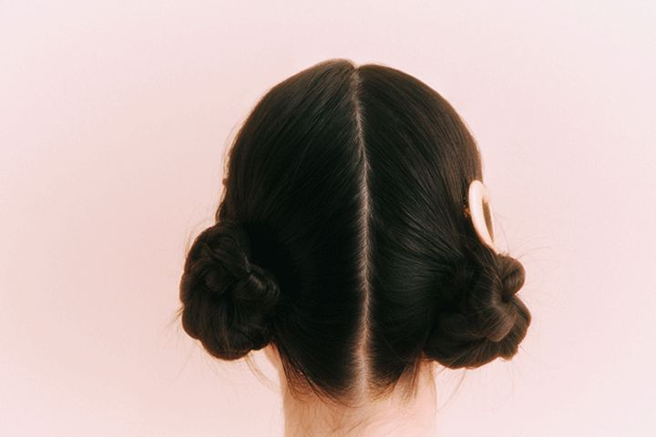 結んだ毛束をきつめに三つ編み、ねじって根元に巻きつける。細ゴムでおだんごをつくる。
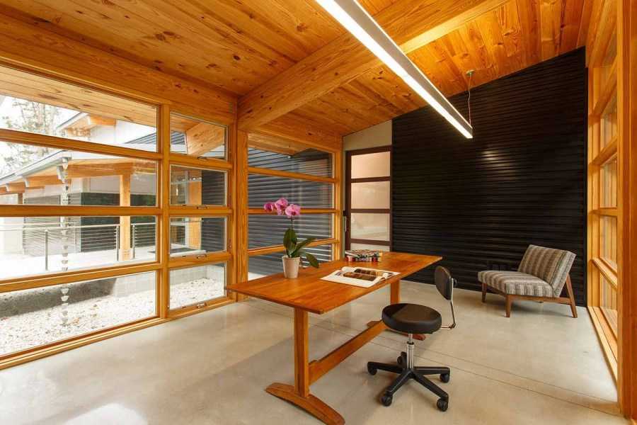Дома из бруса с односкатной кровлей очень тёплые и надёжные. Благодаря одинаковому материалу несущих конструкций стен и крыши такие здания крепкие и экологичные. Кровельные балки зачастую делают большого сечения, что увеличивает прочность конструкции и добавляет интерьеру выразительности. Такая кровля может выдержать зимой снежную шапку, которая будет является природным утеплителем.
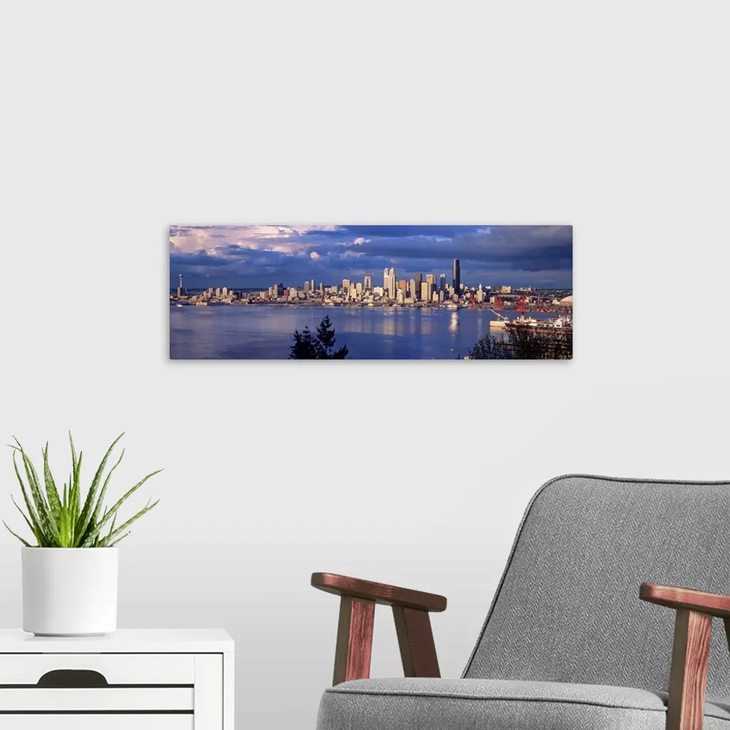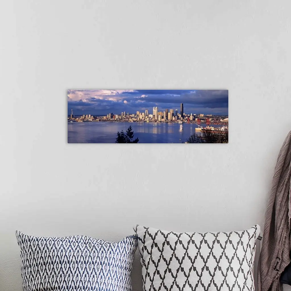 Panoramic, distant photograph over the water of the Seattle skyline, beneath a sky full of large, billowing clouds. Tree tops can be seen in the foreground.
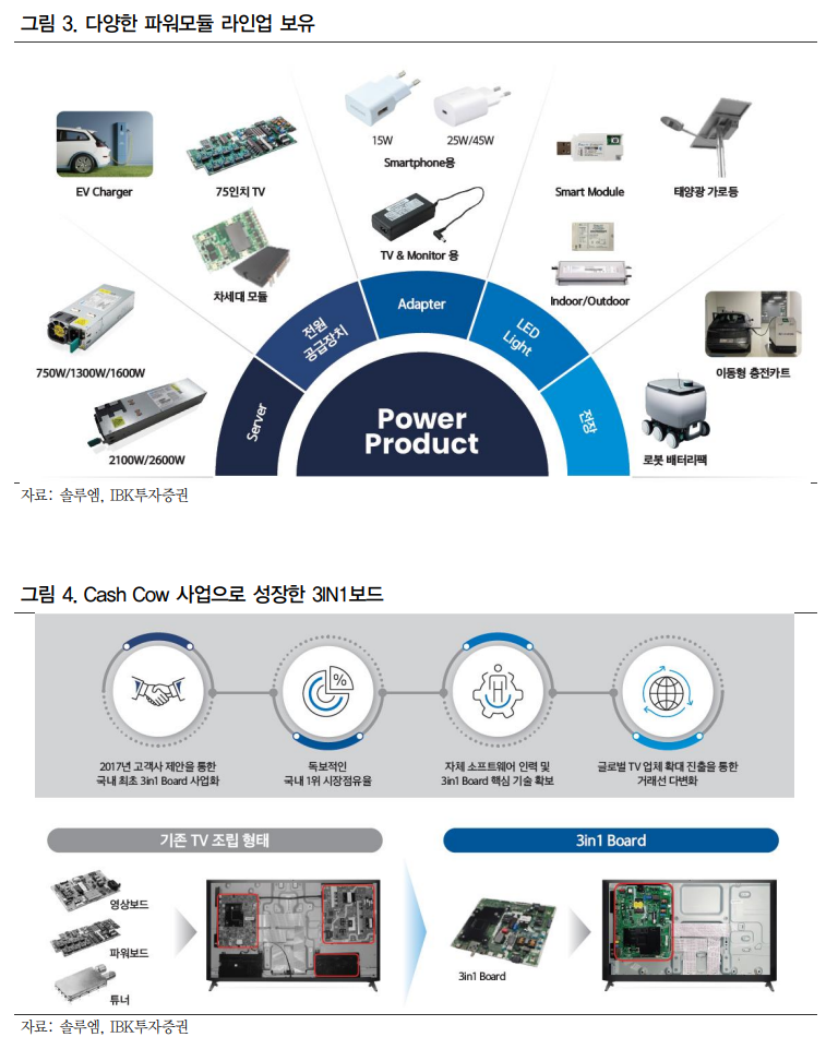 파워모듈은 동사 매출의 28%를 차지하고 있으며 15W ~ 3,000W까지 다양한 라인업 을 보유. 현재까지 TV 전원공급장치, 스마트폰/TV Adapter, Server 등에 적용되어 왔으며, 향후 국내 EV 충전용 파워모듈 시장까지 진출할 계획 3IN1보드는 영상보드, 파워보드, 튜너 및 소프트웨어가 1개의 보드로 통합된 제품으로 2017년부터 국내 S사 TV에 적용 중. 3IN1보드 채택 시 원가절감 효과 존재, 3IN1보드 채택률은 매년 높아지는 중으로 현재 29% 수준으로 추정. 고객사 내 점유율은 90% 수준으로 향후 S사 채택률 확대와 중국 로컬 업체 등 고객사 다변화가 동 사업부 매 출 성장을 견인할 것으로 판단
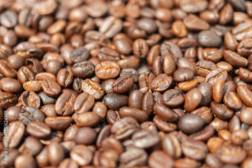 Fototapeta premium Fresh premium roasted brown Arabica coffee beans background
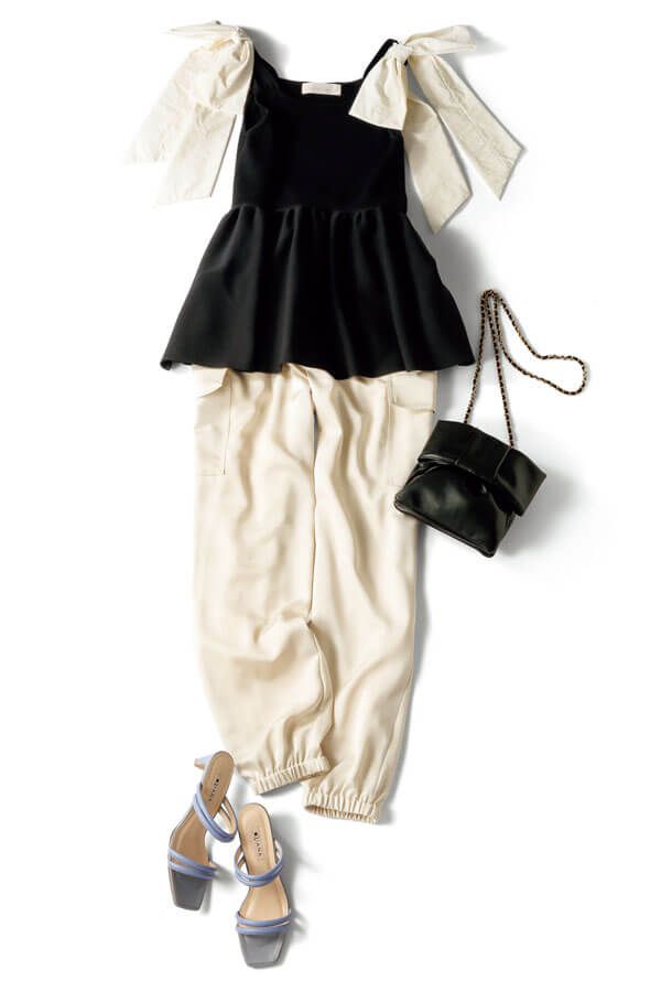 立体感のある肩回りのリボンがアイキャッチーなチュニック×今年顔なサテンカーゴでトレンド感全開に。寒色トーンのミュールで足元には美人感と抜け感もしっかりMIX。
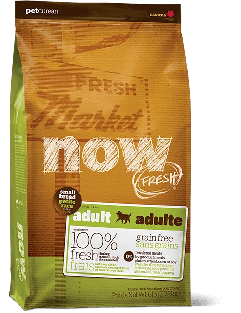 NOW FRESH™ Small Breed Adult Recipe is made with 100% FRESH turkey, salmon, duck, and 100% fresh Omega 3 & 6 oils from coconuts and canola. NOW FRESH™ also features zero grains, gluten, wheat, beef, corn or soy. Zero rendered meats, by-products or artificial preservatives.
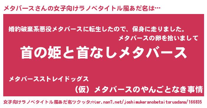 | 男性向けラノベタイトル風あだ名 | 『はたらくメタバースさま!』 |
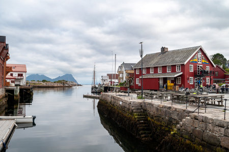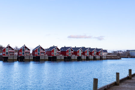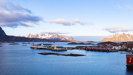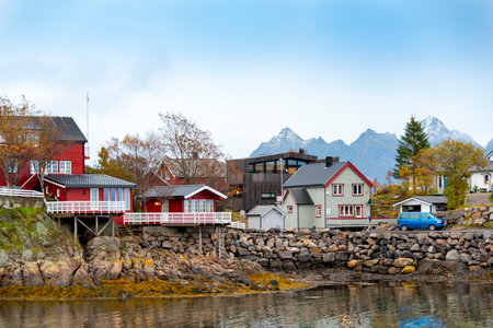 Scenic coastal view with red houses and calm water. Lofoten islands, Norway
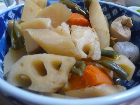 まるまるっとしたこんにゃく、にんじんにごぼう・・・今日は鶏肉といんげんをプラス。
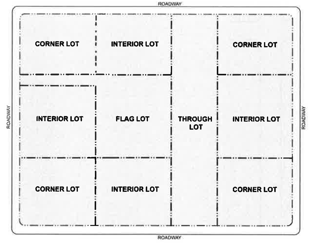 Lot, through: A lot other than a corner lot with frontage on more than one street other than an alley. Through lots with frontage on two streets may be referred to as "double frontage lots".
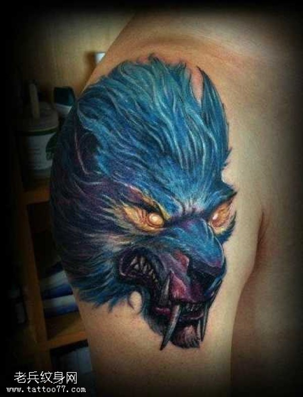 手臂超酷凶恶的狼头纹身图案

---

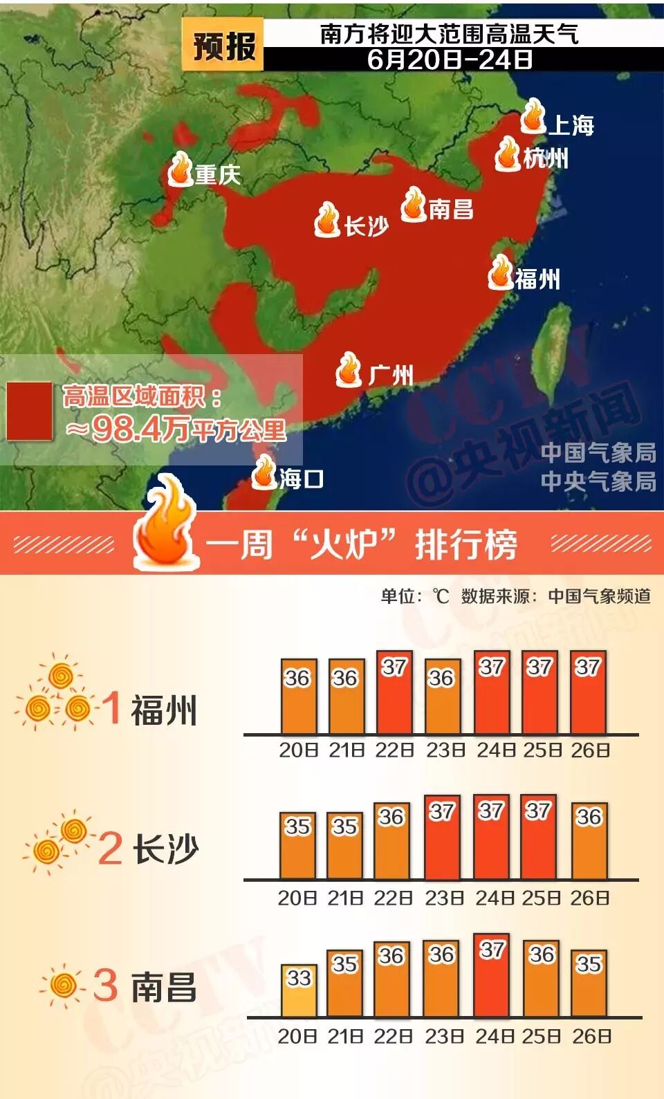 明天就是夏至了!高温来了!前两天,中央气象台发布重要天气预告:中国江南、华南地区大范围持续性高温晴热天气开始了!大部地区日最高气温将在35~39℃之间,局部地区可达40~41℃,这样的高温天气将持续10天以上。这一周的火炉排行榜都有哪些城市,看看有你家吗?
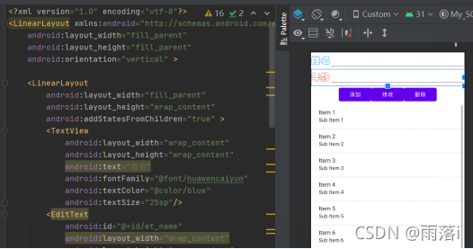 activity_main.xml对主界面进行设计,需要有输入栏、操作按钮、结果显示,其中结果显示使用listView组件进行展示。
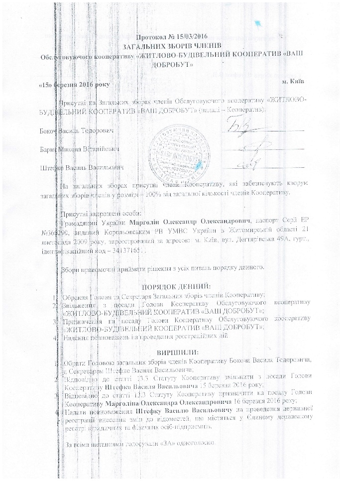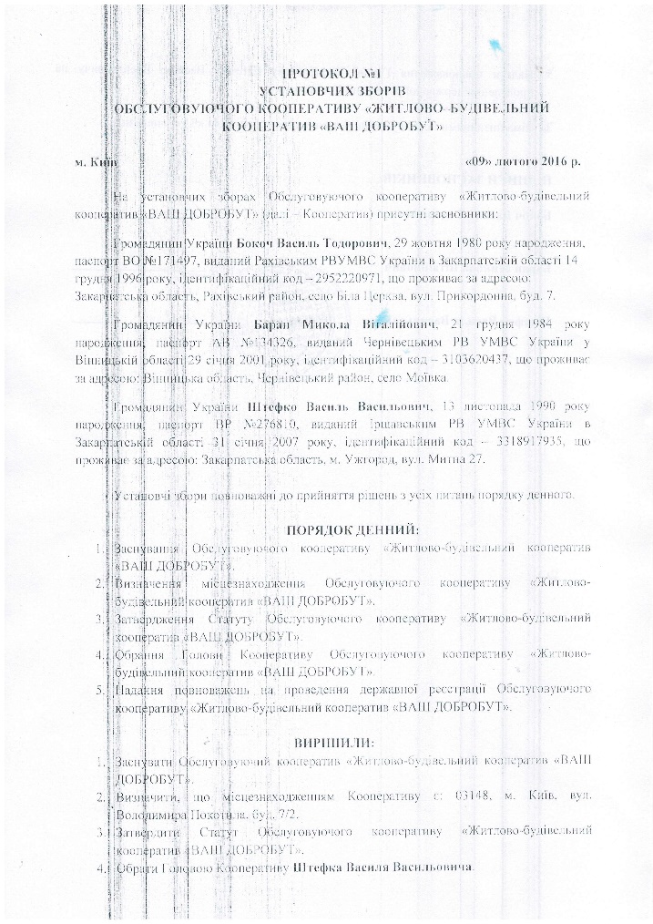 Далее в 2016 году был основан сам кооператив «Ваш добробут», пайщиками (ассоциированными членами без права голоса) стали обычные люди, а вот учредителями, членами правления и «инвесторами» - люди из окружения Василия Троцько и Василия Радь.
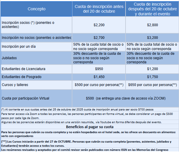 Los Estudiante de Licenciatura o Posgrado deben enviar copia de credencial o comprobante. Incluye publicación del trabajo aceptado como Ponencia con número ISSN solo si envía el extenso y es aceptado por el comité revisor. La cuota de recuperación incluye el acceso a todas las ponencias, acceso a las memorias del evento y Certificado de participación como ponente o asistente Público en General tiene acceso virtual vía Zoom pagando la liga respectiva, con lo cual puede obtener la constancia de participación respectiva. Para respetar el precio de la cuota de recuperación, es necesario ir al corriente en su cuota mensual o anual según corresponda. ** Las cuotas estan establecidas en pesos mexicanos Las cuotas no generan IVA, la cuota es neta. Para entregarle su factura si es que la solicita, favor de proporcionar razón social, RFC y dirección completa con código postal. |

## Assigned task:
Reproduce the listing above only between the lines holding "結んだ毛束をきつめに三つ編み" and "Дома из бруса", inclusive. Every line must match exactly, and pictures are dropped.

## Response:
 結んだ毛束をきつめに三つ編み、ねじって根元に巻きつける。細ゴムでおだんごをつくる。
Дома из бруса с односкатной кровлей очень тёплые и надёжные. Благодаря одинаковому материалу несущих конструкций стен и крыши такие здания крепкие и экологичные. Кровельные балки зачастую делают большого сечения, что увеличивает прочность конструкции и добавляет интерьеру выразительности. Такая кровля может выдержать зимой снежную шапку, которая будет является природным утеплителем.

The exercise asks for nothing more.